Required action: What is needed is a verbatim copy of the data, minus the pictures.

Collected material:
============================================================
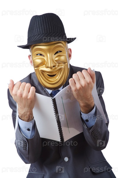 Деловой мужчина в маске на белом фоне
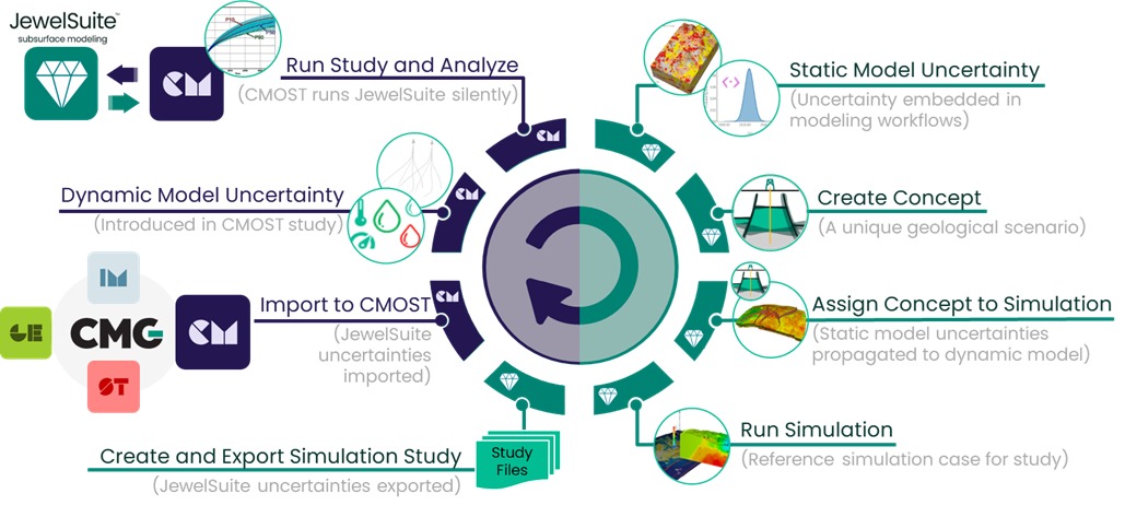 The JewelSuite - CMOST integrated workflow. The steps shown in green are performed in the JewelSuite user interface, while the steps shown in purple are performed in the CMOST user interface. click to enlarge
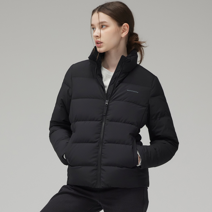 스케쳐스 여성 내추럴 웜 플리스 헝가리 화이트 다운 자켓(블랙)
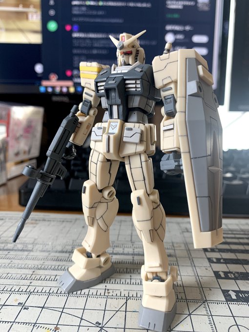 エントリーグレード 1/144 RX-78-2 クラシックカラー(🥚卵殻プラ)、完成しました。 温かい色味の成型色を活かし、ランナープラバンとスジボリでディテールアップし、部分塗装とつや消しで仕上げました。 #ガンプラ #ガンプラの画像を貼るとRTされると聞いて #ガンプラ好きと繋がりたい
============================================================
Expected answer:
 Деловой мужчина в маске на белом фоне
 The JewelSuite - CMOST integrated workflow. The steps shown in green are performed in the JewelSuite user interface, while the steps shown in purple are performed in the CMOST user interface. click to enlarge
 스케쳐스 여성 내추럴 웜 플리스 헝가리 화이트 다운 자켓(블랙)
 エントリーグレード 1/144 RX-78-2 クラシックカラー(🥚卵殻プラ)、完成しました。 温かい色味の成型色を活かし、ランナープラバンとスジボリでディテールアップし、部分塗装とつや消しで仕上げました。 #ガンプラ #ガンプラの画像を貼るとRTされると聞いて #ガンプラ好きと繋がりたい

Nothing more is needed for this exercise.